Первое его описание сводит действия великого фараонова дельца к суровым и сухим цифрам, не дающим никакого представленья о всеобщем восторге, который его действия вызывали в оригинале, и не объясняющим этого восторга, неоднократно переходившего в обожествленье и, благодаря мечтательно-буквальному пониманию таких, например, титулов, как «Кормилец» иди «Владыка Хлеба», заставлявшего широкие толпы народа видеть в нем некое нильское божество и даже олицетворение самого Хапи, хранителя и дарителя жизни.
Эта мифическая популярность Иосифа, к которой его естество, пожалуй, всегда стремилось, основывалась прежде всего на переливчатой смешанности, на улыбчивой двойственности его мероприятий, направленных как бы в две противоположные стороны и на очень личный манер, с магическим остроумием, связывавших разные задачи и цели. Мы говорим об остроумии, потому что в маленьком космосе нашей истории этот принцип занимает определенное место и уже на ранних порах было замечено, что остроумие обладает природой гонца на посылках и ловкого посредника между противоположными сферами и влияниями: например, между властью Солнца и властью Луны, между отцовским наследством и материнским, между благословением дня и благословением ночи и даже, чтобы выразить это прямо и в полном объеме, между жизнью и смертью. В стране, где гостил Иосиф, в стране Черной земли, это расторопно-легкое, примирительно-веселое посредничество еще не нашло настоящего воплощенья в каком-либо божестве. Ближе всего к такому воплощенью был Тот, писец и поводырь мертвых, изобретатель всевозможных уловок. Лишь у фараона, которому все божественное доставлялось издалека, были сведения о более завершенной разновидности божественного этого образа, и милостью, которую Иосиф снискал у царя, он был обязан преимущественно тому обстоятельству, что фараон узнал в нем черты плутоватого сына пещеры. Владыки проделок, и по праву сказал себе, что никакой царь не может желать ничего лучшего, чем иметь министром проявленье и воплощенье этой выгодной идеи божества.

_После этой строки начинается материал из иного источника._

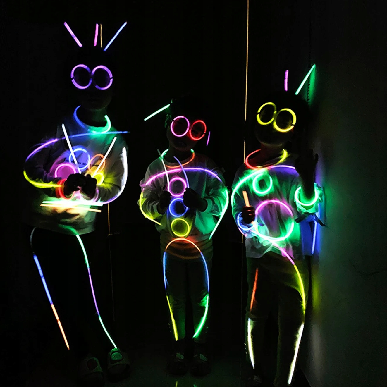 Світяться в темряві святкові приналежності для дітей і дорослих, веселі барвисті палички своїми руками як іграшки для використання вдома чи на вулиці. Підходить для оформлення дня народження, вечірки, святкового приладдя, заходів на відкритому повітрі, карнавалу, кемпінгу, Хелловіна, Різдва, дискотеки чи вечірки.
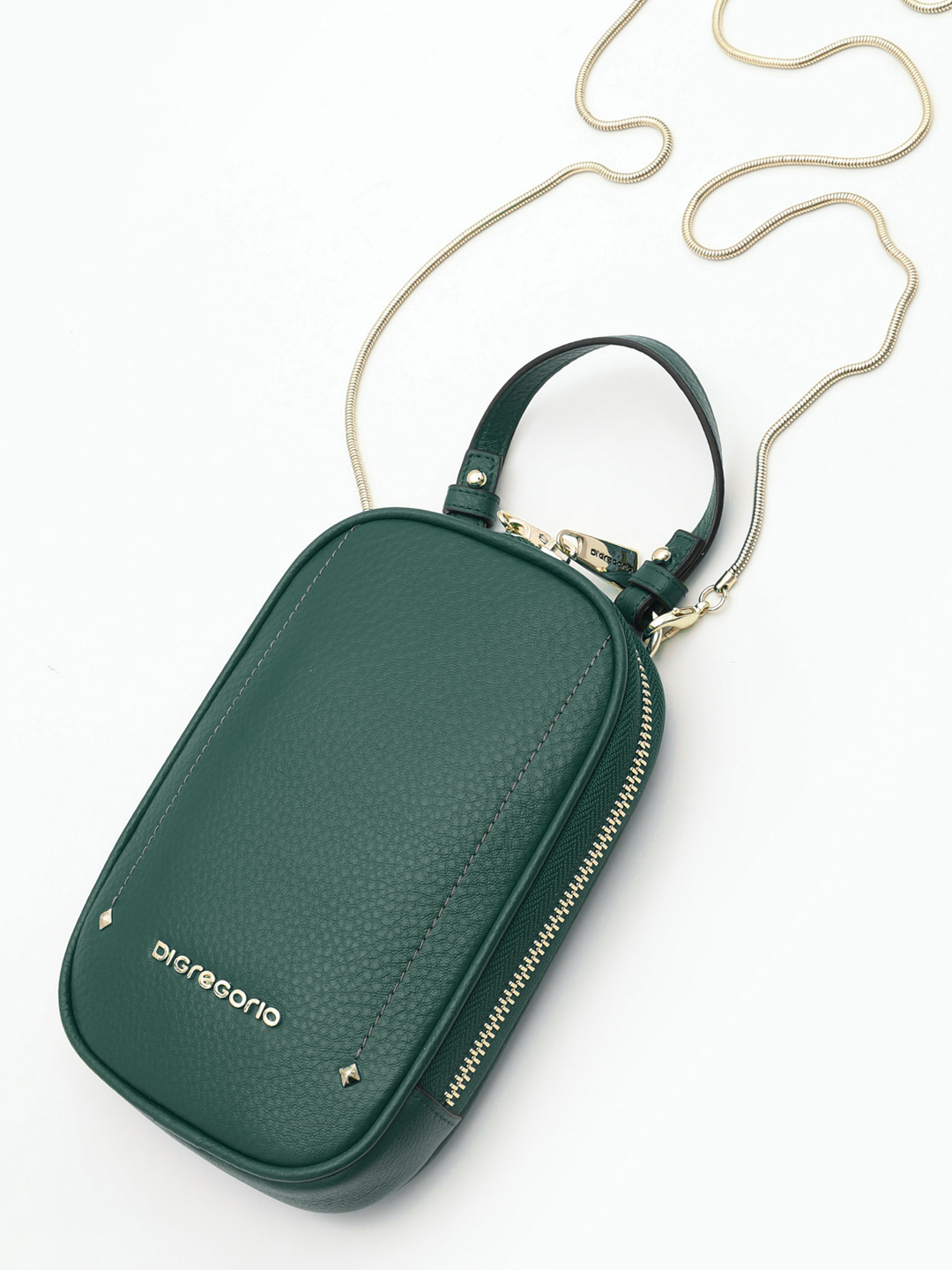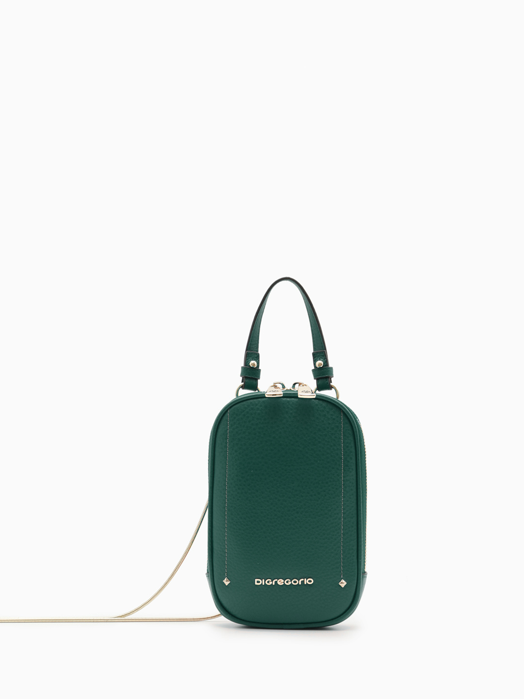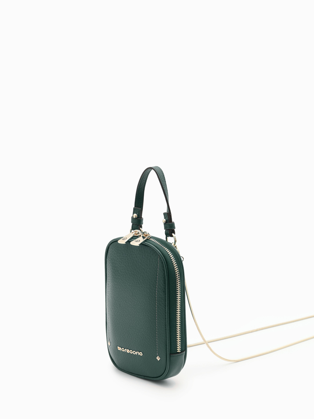 Сумка-кошелёк на шею / через плечо с именной гравировкой Di Gregorio из натуральной кожи изумрудного цвета
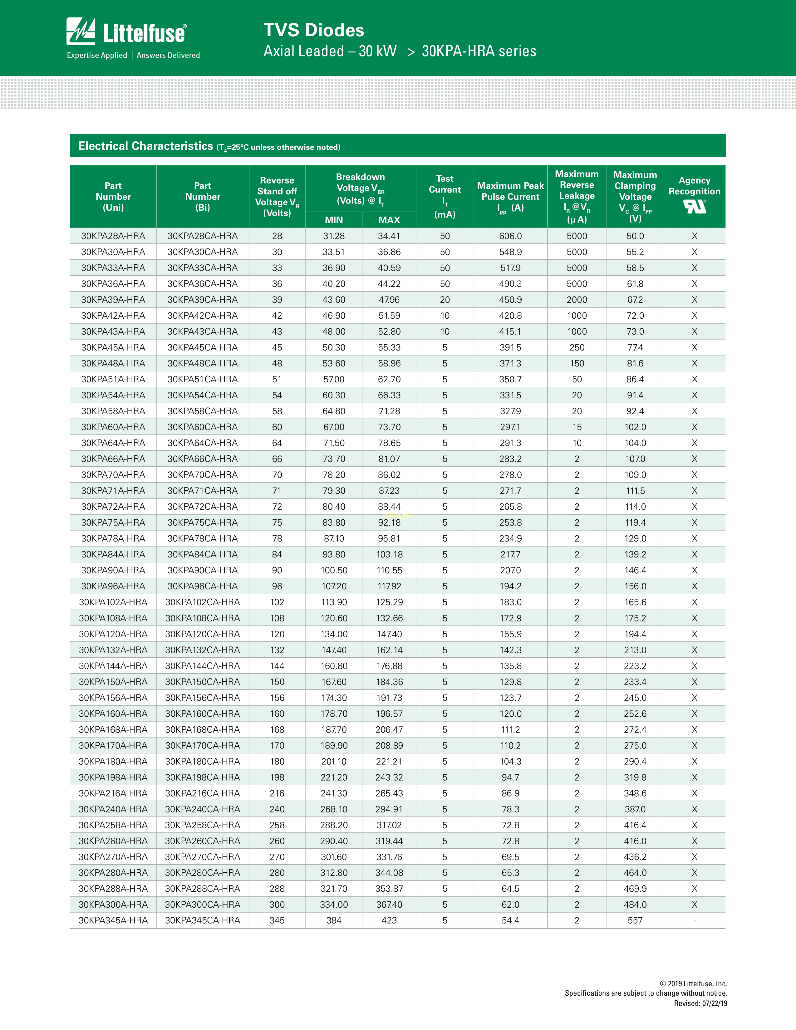 30KPA28A-HRA数据手册Axial封装Littelfuse(美国力特)PDF规格书,中英文下
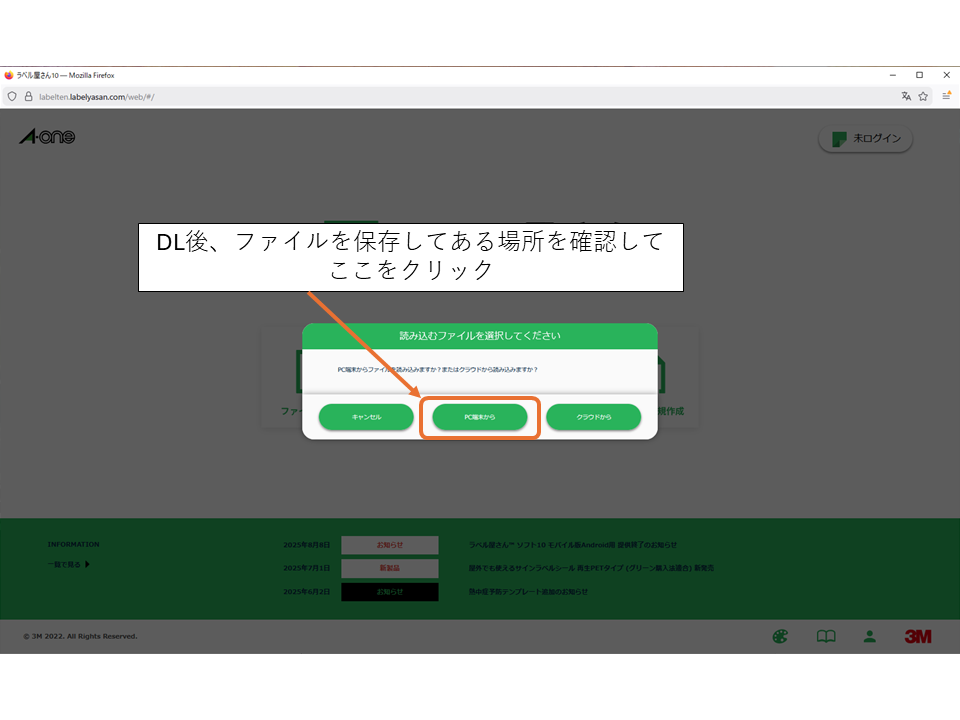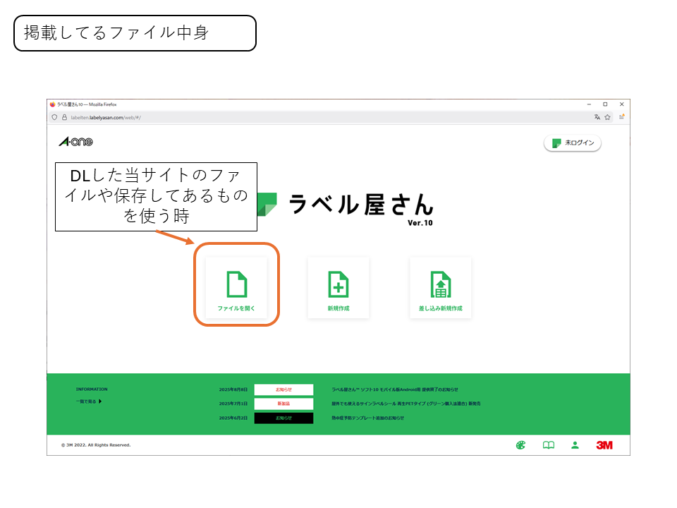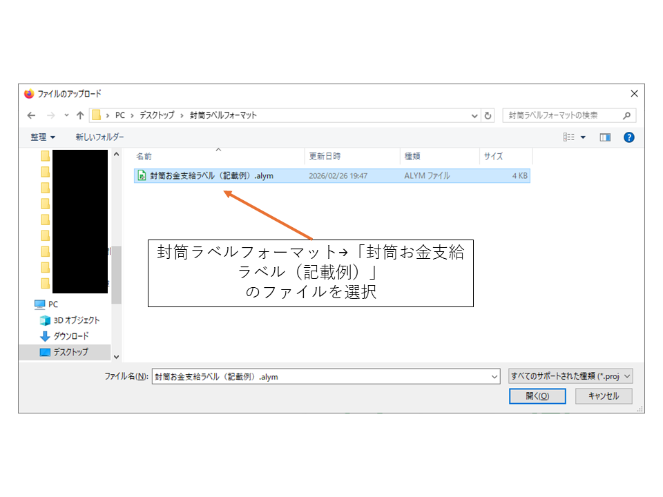 ラベル屋さんのブラウザ版を起動して、解凍したフォルダ中の「封筒お金支給ラベル(記載例).alym」を下記の図に従って読み込みます。拡張子の表示をしていない人は「封筒お金支給ラベル(記載例)」のファイルを開いてください。
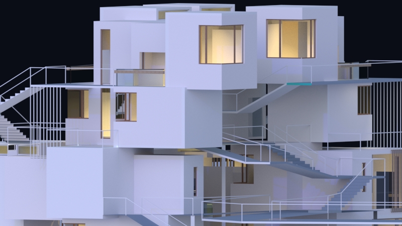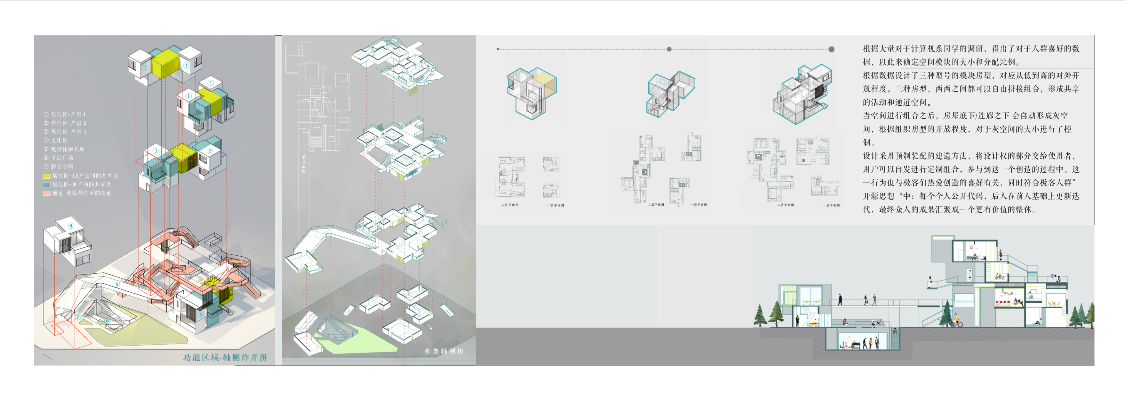 According to the data, three types of modular house types are designed, corresponding to the degree of opening to the outside world from low to high. The three room types can be freely spliced and combined to form a shared activity and passage space.
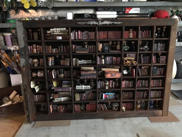 This is the same room box but now the furnishings have been change. I made the bookcase from a vintage type drawer---it already had the aged vintage patina I wanted for the bookcase that might be found in a vampyres castle or manor house. I made all the miniature scrolls, maps, documents, books etc. You will see how the library idea became more expanded over the years.
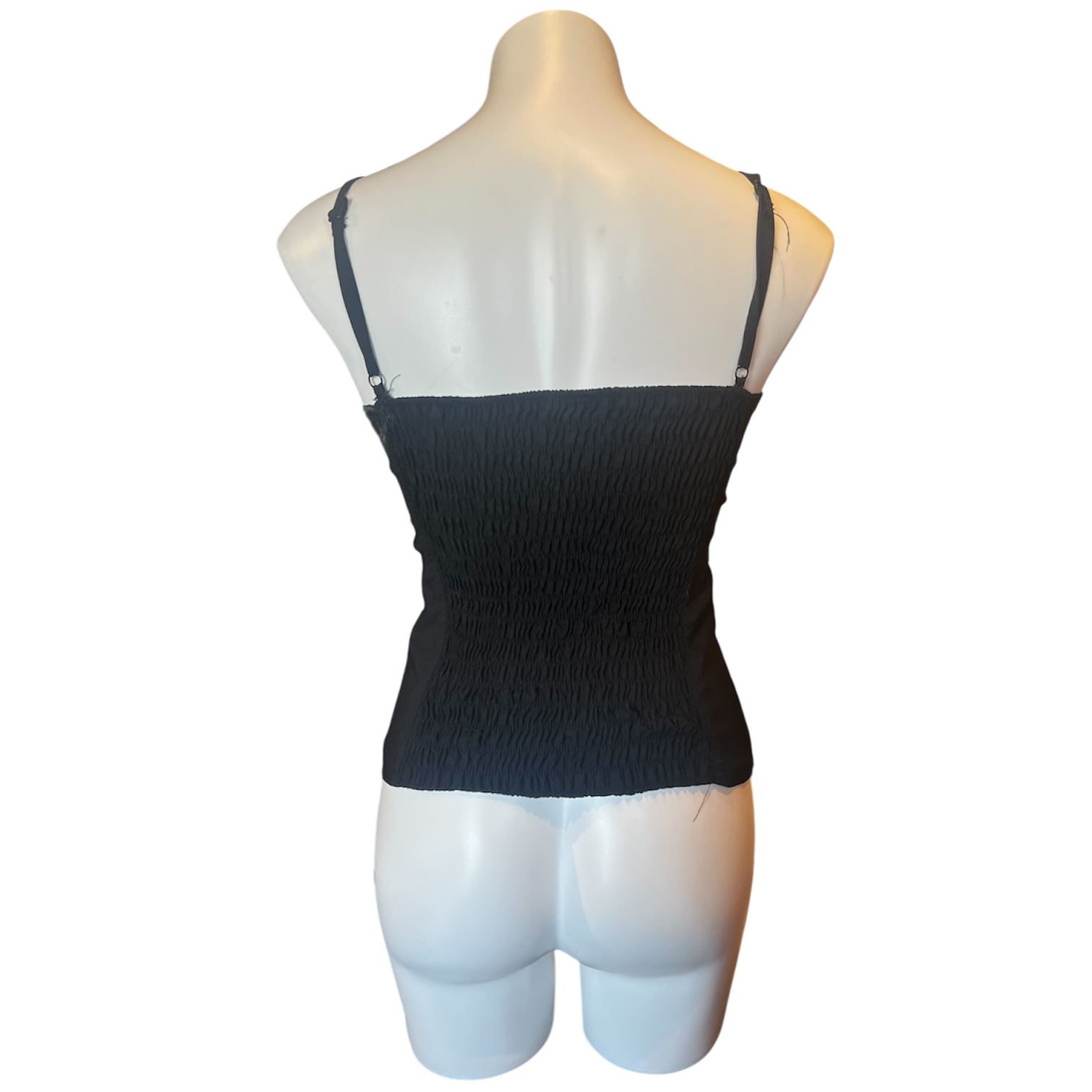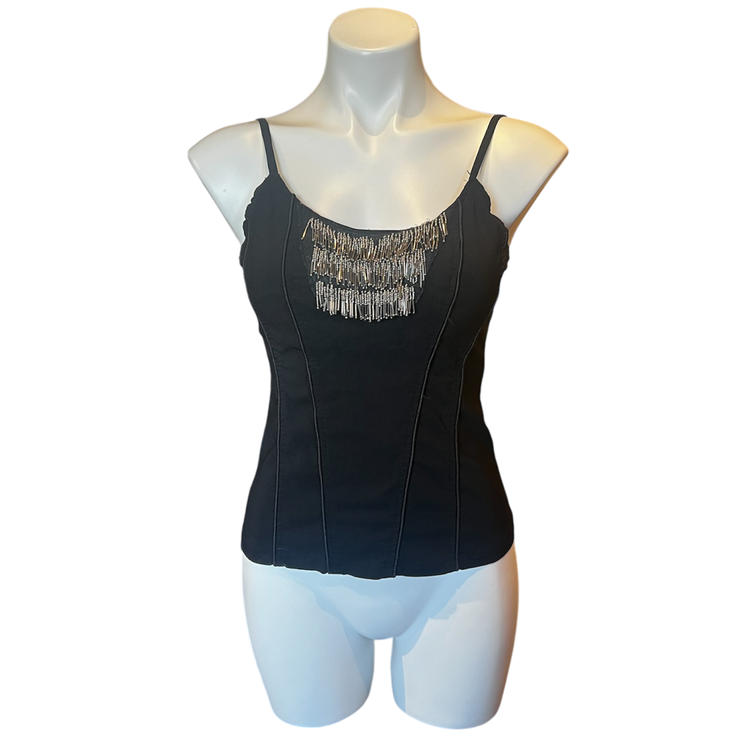 Black stretchy corset tank with silver dangly beads on the bodice.
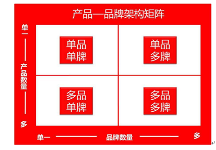 企业的产品战略就是产品架构规划的问题。根据企业的产品的数量和品牌数量的多少,得出一个“产品—品牌架构矩阵(如图3-1所示),分为单品单牌、多品单牌、单品多牌和多品多牌几种类型。
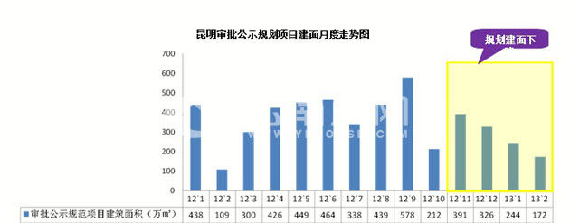 2013年1、2月昆明土地規(guī)劃審批走勢(shì)
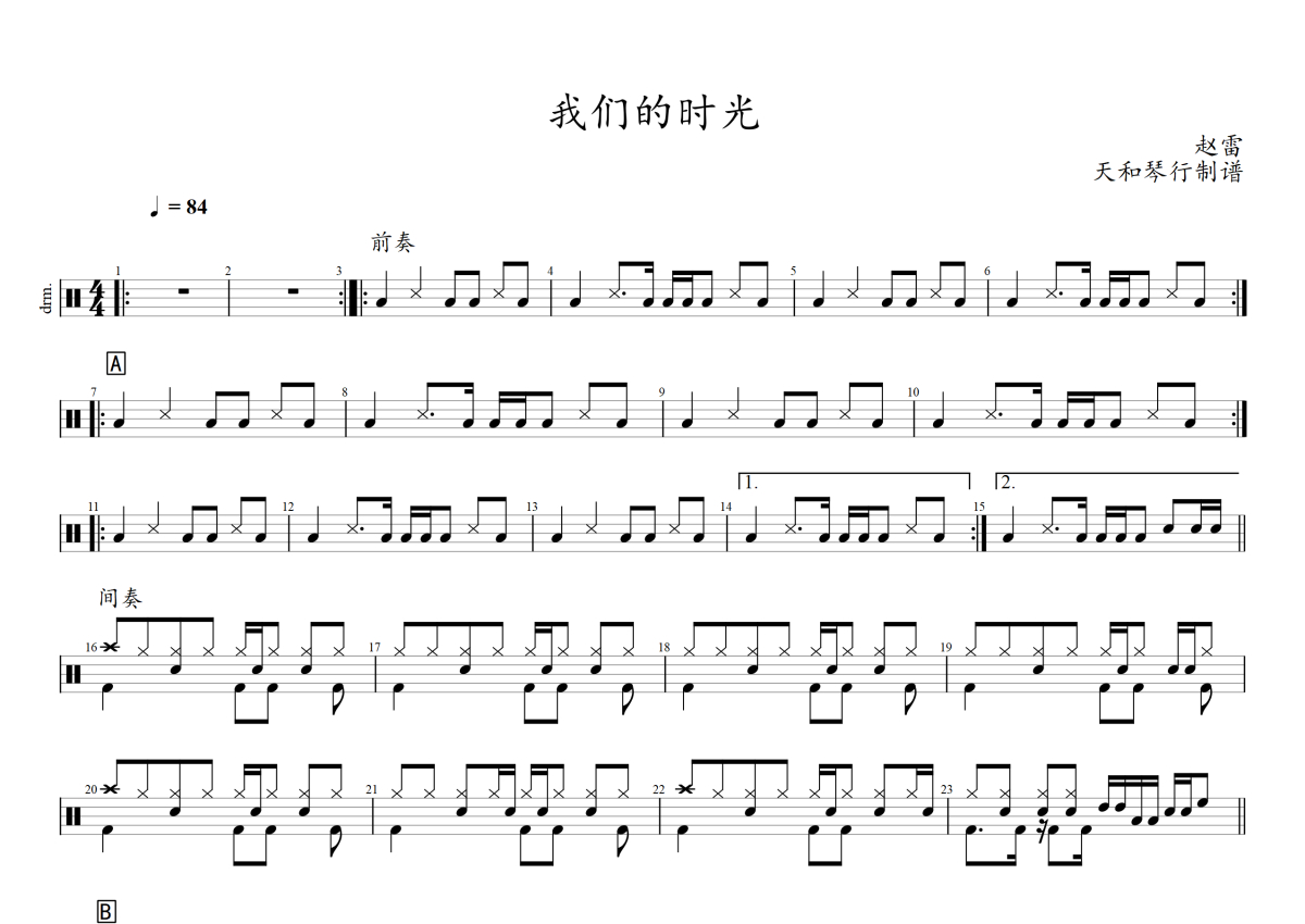 《我们的时光》是赵雷演唱的一首歌曲,拍号为4/4拍,歌曲速度为每分钟84拍,这份架子鼓谱共有两张高清图谱,图谱由 @音符喷血者 编配上传,图谱使用五线谱编配,使用这份我们的时光架子鼓谱,你将能够轻松地敲打出这首赵雷的我们的时光,快来尝试吧。
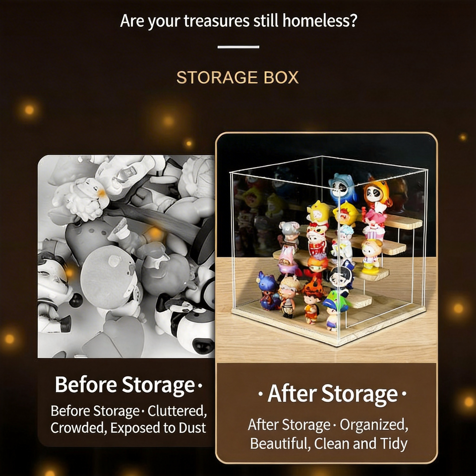 Vitrine de présentation moderne en ABS avec base en bois, anti-poussière, à assembler soi-même, pour figurines et collections de jouets
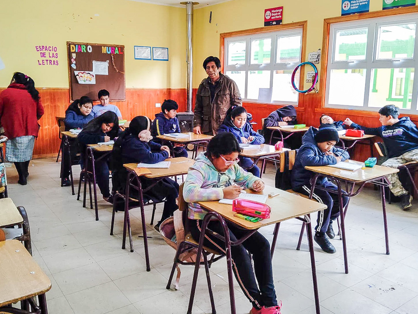 En la escuela Vega Larga de Lautaro, Joel Maripil enseña a los niños de 5° y 6° año básico los conocimientos propios de la música mapuche, la que ha dedicado su vida a difundir mediante el canto.
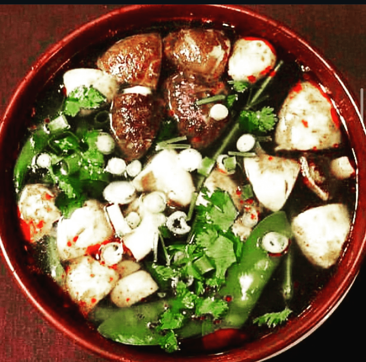 Thai hot & sour soup with mushroom in clear broth infused with lemongrass, kaffir lime leaves, cilantro, galanga ginger, and a touch of roasted curry.(GF)

Дети Египта познакомились с крылатой этой фигурой через Иосифа, и если они не приняли ее в свой пантеон, то лишь потому, что соответствующее место уже занимал Джхутн, белая обезьяна. Религиозный их кругозор знакомство это все же расширило, особенно благодаря тому веселому изменению, которое претерпевала в данном случае идея колдовства и которое само по себе было уже способно вызвать мифотворческое изумление этих детей. С колдовством у них всегда связывалось представление о чем-то нешуточно-страшном, тревожном: надежно предотвратить беду, неприступно от нее защититься — в этом заключался для них смысл всякого волшебства, отчего и спекуляция Иосифа хлебом, и его островерхие зернохранилища были окружены для них ореолом волшебства. Но уж вовсе волшебной показалась им встреча предусмотрительности и беды, вернее сказать, хватка, с какой Даритель Тенистой Сени, благодаря мерам предосторожности, веревки вил из беды, извлекал из нее прибыль и выгоду, ставил ее на службу целям, которых у непроходимо глупого, занятого лишь опустошеньем дракона и в мыслях не было, — волшебной на непривычно веселый, хоть смейся, лад.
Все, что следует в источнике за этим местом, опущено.